**RECORDS PROVIDED:**
──────

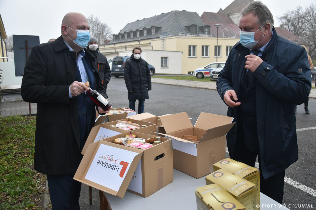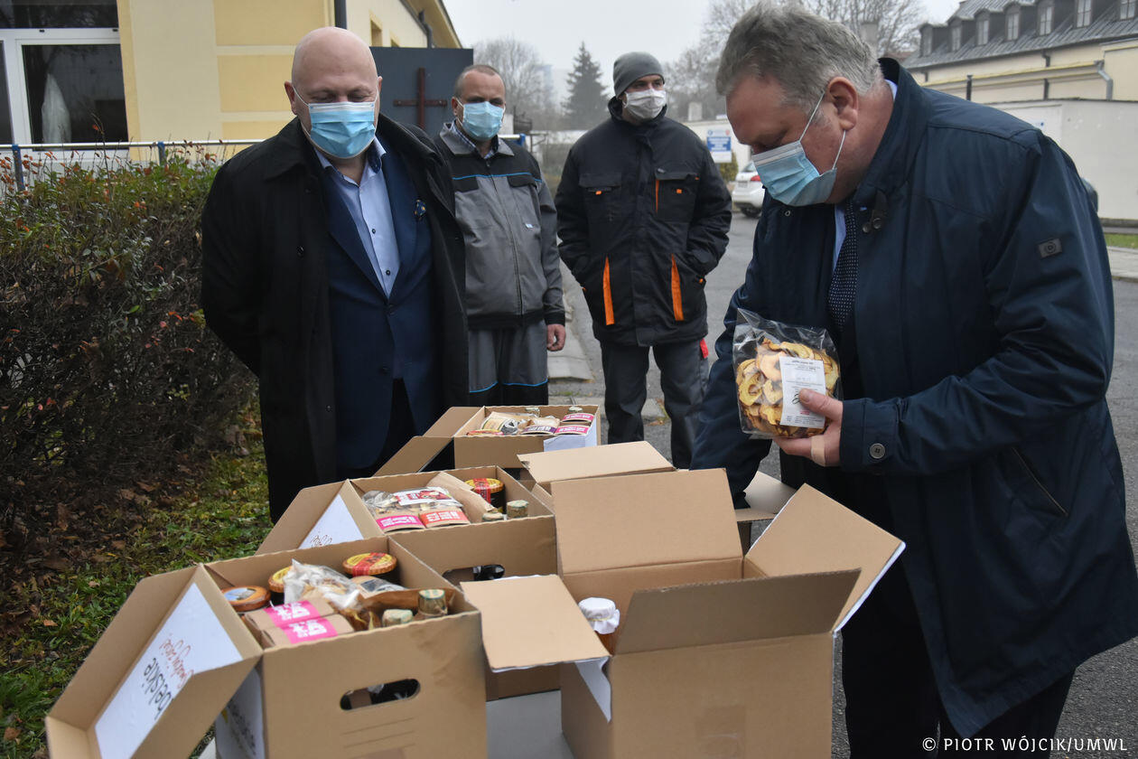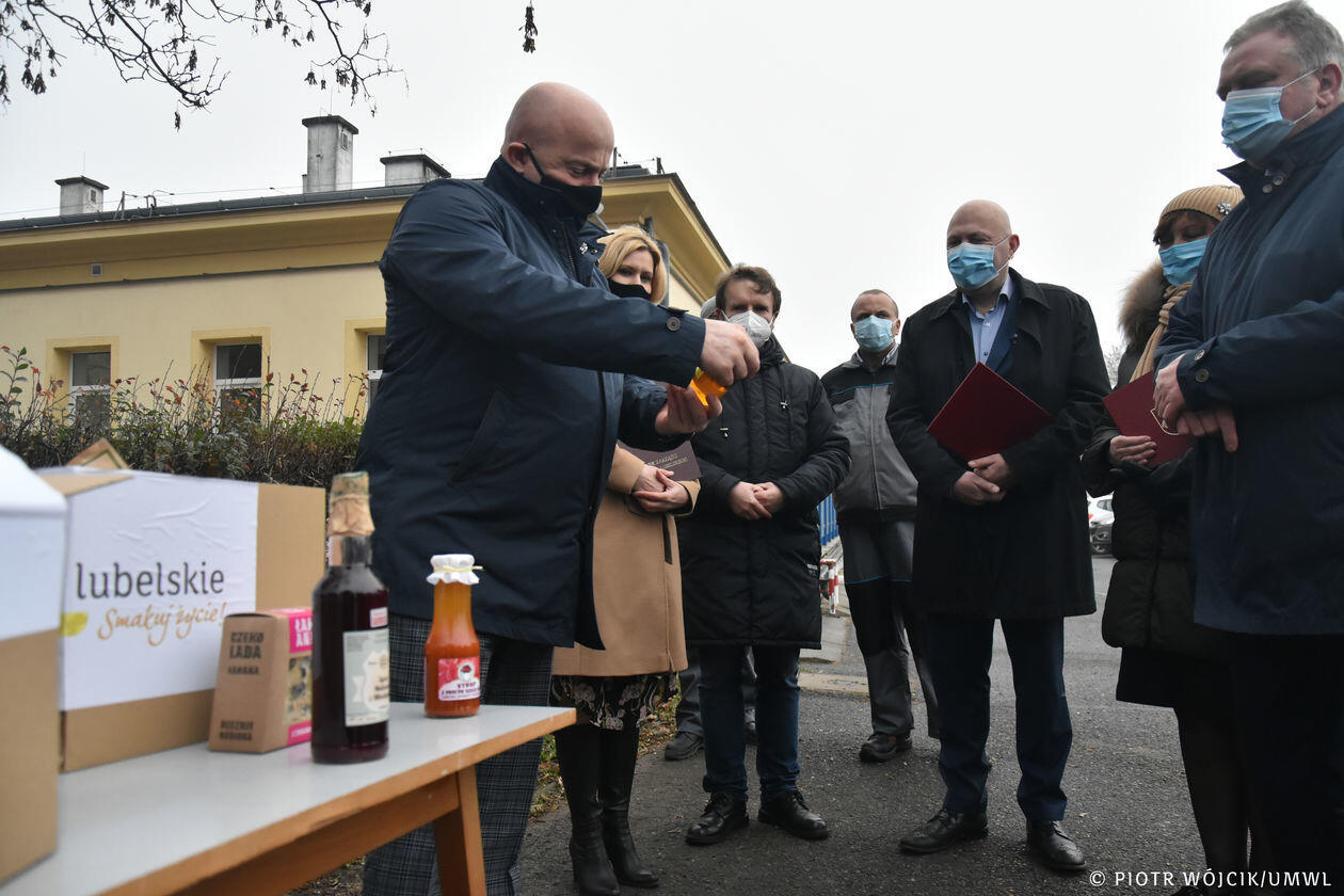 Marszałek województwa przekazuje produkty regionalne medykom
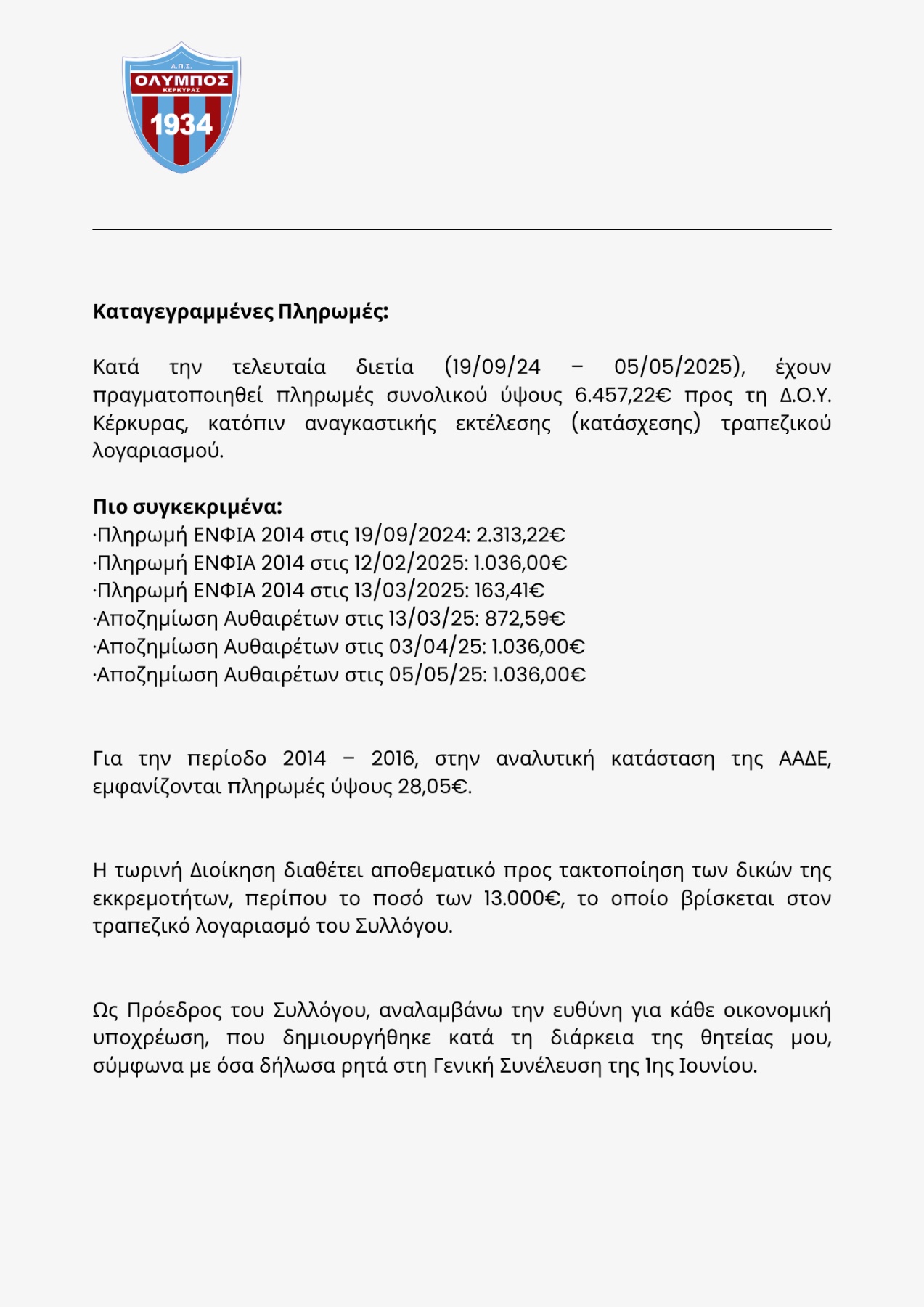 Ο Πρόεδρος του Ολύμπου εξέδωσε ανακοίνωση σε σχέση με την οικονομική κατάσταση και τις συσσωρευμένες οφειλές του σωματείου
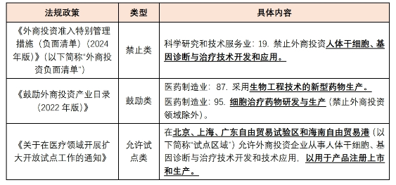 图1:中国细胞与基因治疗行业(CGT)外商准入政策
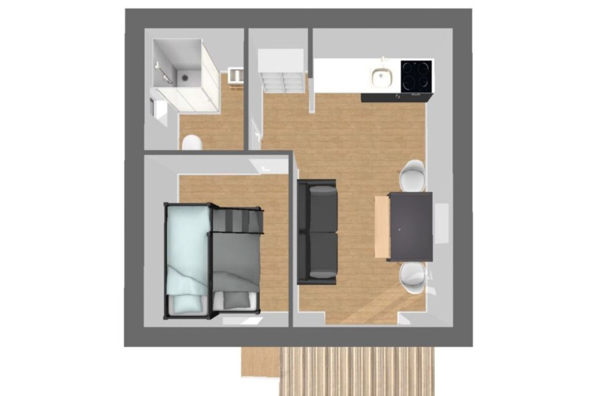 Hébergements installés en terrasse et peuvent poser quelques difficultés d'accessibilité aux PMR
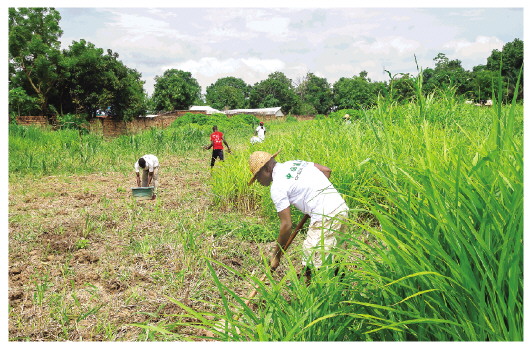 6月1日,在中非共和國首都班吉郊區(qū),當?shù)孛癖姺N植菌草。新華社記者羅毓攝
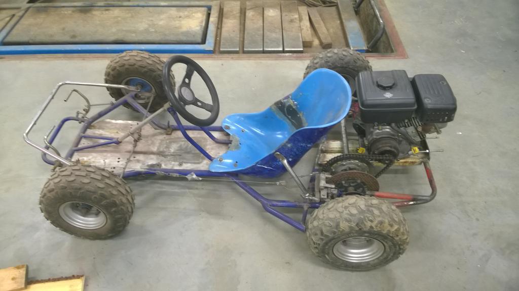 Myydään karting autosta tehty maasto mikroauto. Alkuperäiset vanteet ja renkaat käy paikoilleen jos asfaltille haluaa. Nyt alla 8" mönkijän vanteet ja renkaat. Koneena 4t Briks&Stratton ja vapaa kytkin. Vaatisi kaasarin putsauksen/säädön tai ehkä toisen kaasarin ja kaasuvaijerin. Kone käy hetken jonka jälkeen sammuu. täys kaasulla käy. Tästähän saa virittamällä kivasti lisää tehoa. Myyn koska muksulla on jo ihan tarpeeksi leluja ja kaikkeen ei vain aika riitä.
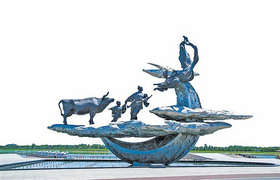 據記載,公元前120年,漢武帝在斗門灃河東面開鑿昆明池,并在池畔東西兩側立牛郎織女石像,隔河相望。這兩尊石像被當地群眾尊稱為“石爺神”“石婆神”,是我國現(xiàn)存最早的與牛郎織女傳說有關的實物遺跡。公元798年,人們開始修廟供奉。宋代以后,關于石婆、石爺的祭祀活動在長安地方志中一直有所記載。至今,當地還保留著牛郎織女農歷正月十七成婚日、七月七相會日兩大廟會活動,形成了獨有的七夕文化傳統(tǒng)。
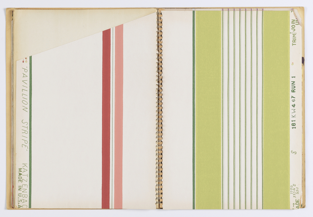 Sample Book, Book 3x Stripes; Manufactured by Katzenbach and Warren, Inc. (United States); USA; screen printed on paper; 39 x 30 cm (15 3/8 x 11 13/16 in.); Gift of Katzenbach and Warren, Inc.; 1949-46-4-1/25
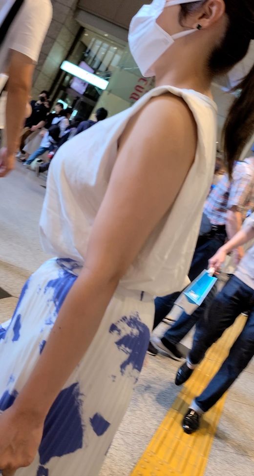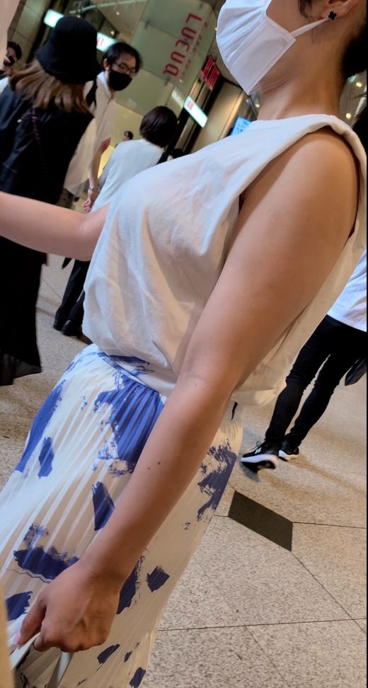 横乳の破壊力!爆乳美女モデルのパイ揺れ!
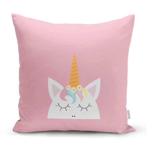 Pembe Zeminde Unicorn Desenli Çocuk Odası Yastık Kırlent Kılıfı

──────

**WHAT NEEDS TO BE DONE:**
Reproduce, exactly and only, the lines of the records above starting at the line with "6月1日,在中非共和國首都班" and ending at the line with "據記載,公元前120年,漢武", both included. Leave every picture out.

**RESULT FOR THIS EXERCISE:**
 6月1日,在中非共和國首都班吉郊區(qū),當?shù)孛癖姺N植菌草。新華社記者羅毓攝
 Myydään karting autosta tehty maasto mikroauto. Alkuperäiset vanteet ja renkaat käy paikoilleen jos asfaltille haluaa. Nyt alla 8" mönkijän vanteet ja renkaat. Koneena 4t Briks&Stratton ja vapaa kytkin. Vaatisi kaasarin putsauksen/säädön tai ehkä toisen kaasarin ja kaasuvaijerin. Kone käy hetken jonka jälkeen sammuu. täys kaasulla käy. Tästähän saa virittamällä kivasti lisää tehoa. Myyn koska muksulla on jo ihan tarpeeksi leluja ja kaikkeen ei vain aika riitä.
 據記載,公元前120年,漢武帝在斗門灃河東面開鑿昆明池,并在池畔東西兩側立牛郎織女石像,隔河相望。這兩尊石像被當地群眾尊稱為“石爺神”“石婆神”,是我國現(xiàn)存最早的與牛郎織女傳說有關的實物遺跡。公元798年,人們開始修廟供奉。宋代以后,關于石婆、石爺的祭祀活動在長安地方志中一直有所記載。至今,當地還保留著牛郎織女農歷正月十七成婚日、七月七相會日兩大廟會活動,形成了獨有的七夕文化傳統(tǒng)。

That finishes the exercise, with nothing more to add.